Hello WSO/Ann Landers,
I was too embarrassed to ask this on my regular fake name, but I'm a long time user with a bit of a problem/mindf*ck . Feel free to fling away but I want to get this off my chest.
So I'm happily married, and somewhere in age between the average new WSO user and @Edmundo Braverman. I love my wife to death, but for whatever reason, BAM, I've developed feelings ... for my supervisor. And I mean, this just hit me about a week ago, after we'd spent time outside of work (completely innocent, other teammates around, I don't think the interest is mutual).
I've worked for her for a while, and yes, she's always been easy on the eyes and had a great personality, etc., so I don't know what the shit is happening. As weird as that sounds, it just kinda happened, or so I think. It came on aggressive, and I'm trying like a mo-fo to tell myself it's wrong and move on with my life.

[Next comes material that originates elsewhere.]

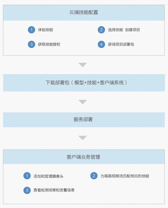 百度智能视频监控开发平台目前上线了安全帽佩戴合规检测、漏发检测、工服着装合规检测、烟火检测、陌生人识别、吸烟识别、打手机识别、课堂整体专注度分析以及学生个体专注度分析等9个预置AI技能。开发者可选择相关AI技能,下载技能部署包,并在本地服务器上进行部署,在部署后得到的系统中进行摄像头管理,完成整套业务的交付。如果需要更多的业务功能,只需调用此系统中的数据接口进行二次开发与适配,即可实现与自有系统的对接和个性化开发。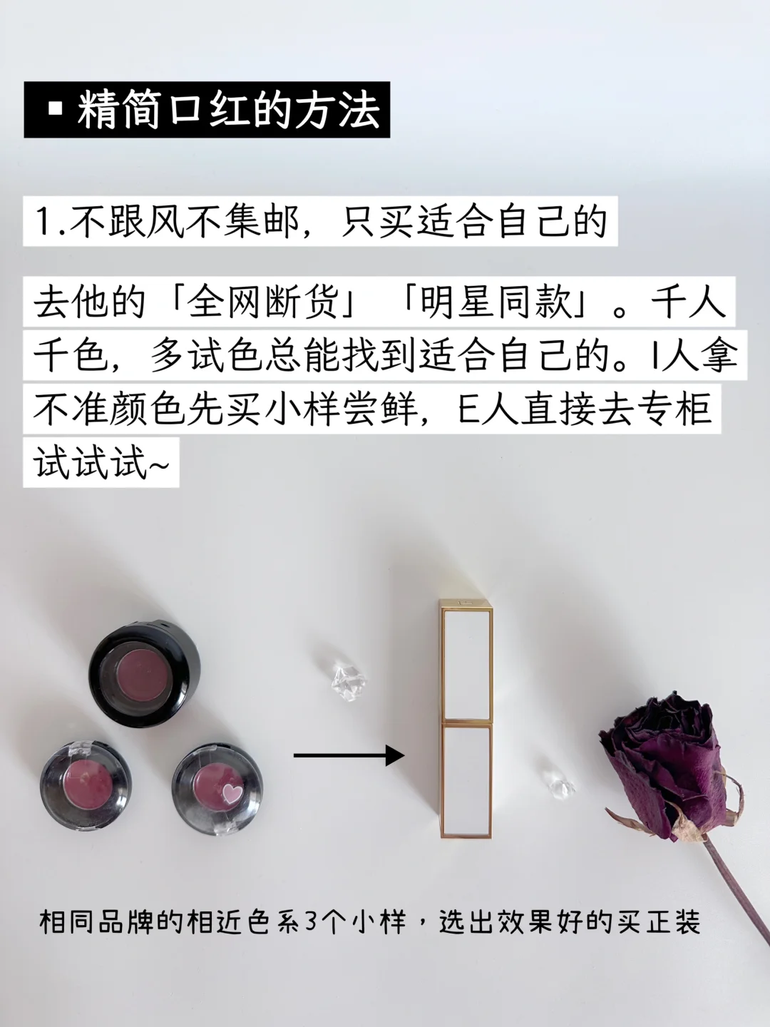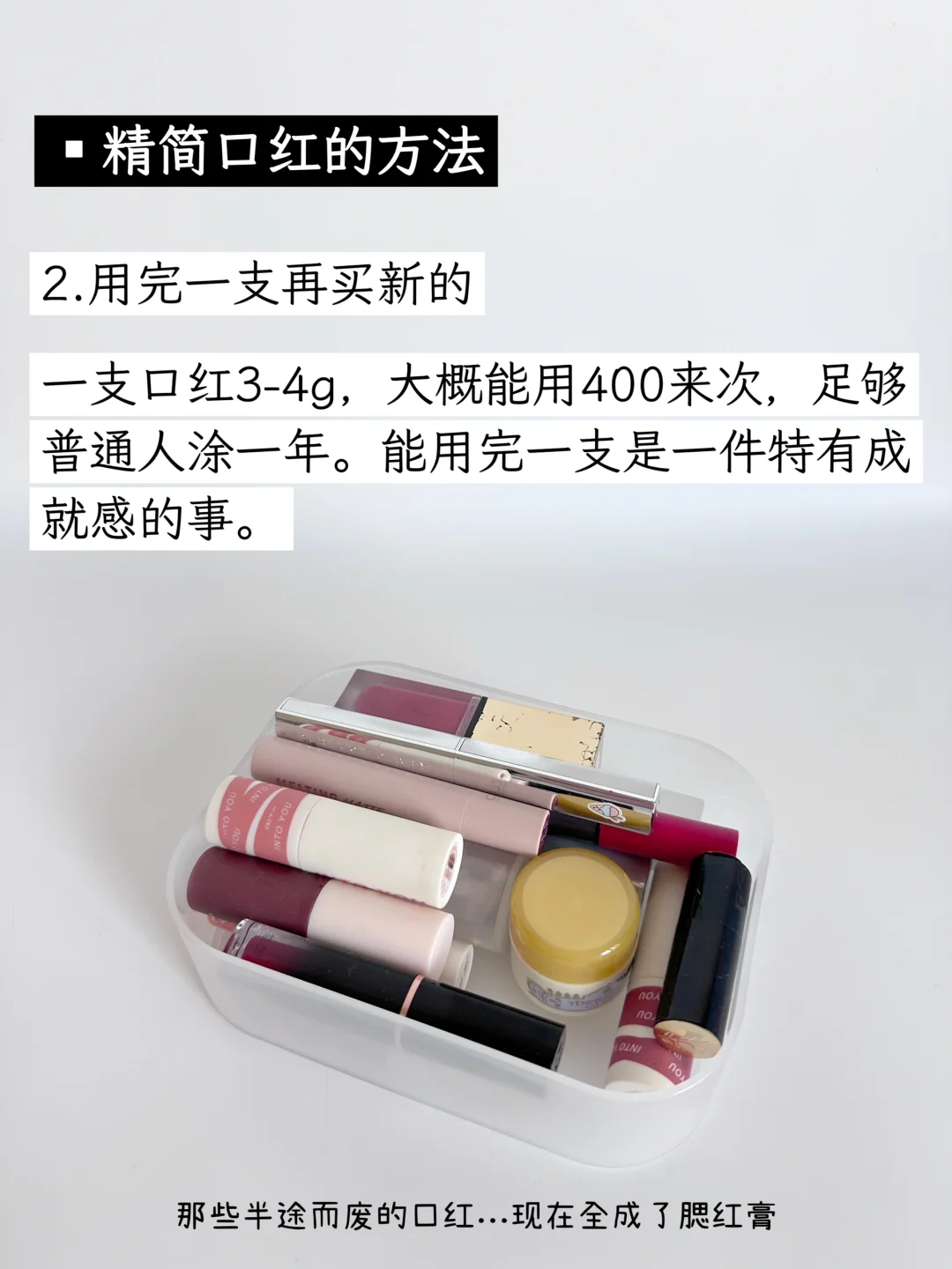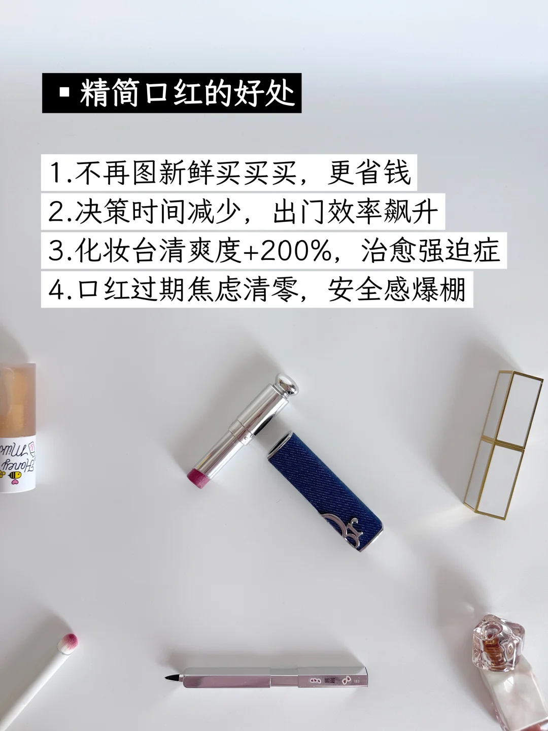 口红断舍离真相↓ 大学时我也痴迷集邮口红,留学那会儿成捆往家搬,朋友送的+自己买的,五颜六色摆满梳妆台。 [蹲后续H]直到极简三年后才发现: ①普通人一年用空1.5支口红(数据来源:《2025美妆消费报告》) ②90%的口红结局:过期→结块→当腮红→进垃圾桶 同事不值得我化全妆,上班有时候只薄涂口红/唇釉,化妆品也已经三四年没有更新了。现在手里的三支口红,好用涂不腻:一支放家里,一支放包里,一支放公司。 [飞吻R]清醒消费宣言↓ “我们只有一张嘴,但资本有100种套路让你买口红” 警惕营销话术: “斩男色”→“换个名字继续卖” “限量版”→“过季就停产” “明星同款”→“上嘴根本不一样” “口红效应”是指因经济低迷而导致口红热卖的一种经济现象,也叫“低价产品偏爱趋势”,一支口红50-300,少买几支能省下可观的一比钱~勿以钱小而不省啊姐妹们! Less is more,「买口红不会让生活变好,但存下的钱会」。跟我一起非必要不买口红、不囤口红~ 我是小哈娜,践行「清醒败家主义」: 善用每一分钱,只买用回本的东西,攒钱体验更大世界。 主页隔天更新极简生活攻略,教你用少物思维过丰盛人生~

What is this, my third-life crisis? Do I just need a tattoo or drum set or a Tesla or something? I've already determined I need to grow a pair, so don't remind me. I'm really writing because this shit has distracted me constantly at work and home. I want to go back to thinking only about the family, and just want to know if anyone else has dealt with this and how you pushed through it (outside of acting on your desires). I wish it were just need for tail, I'd go take a shower.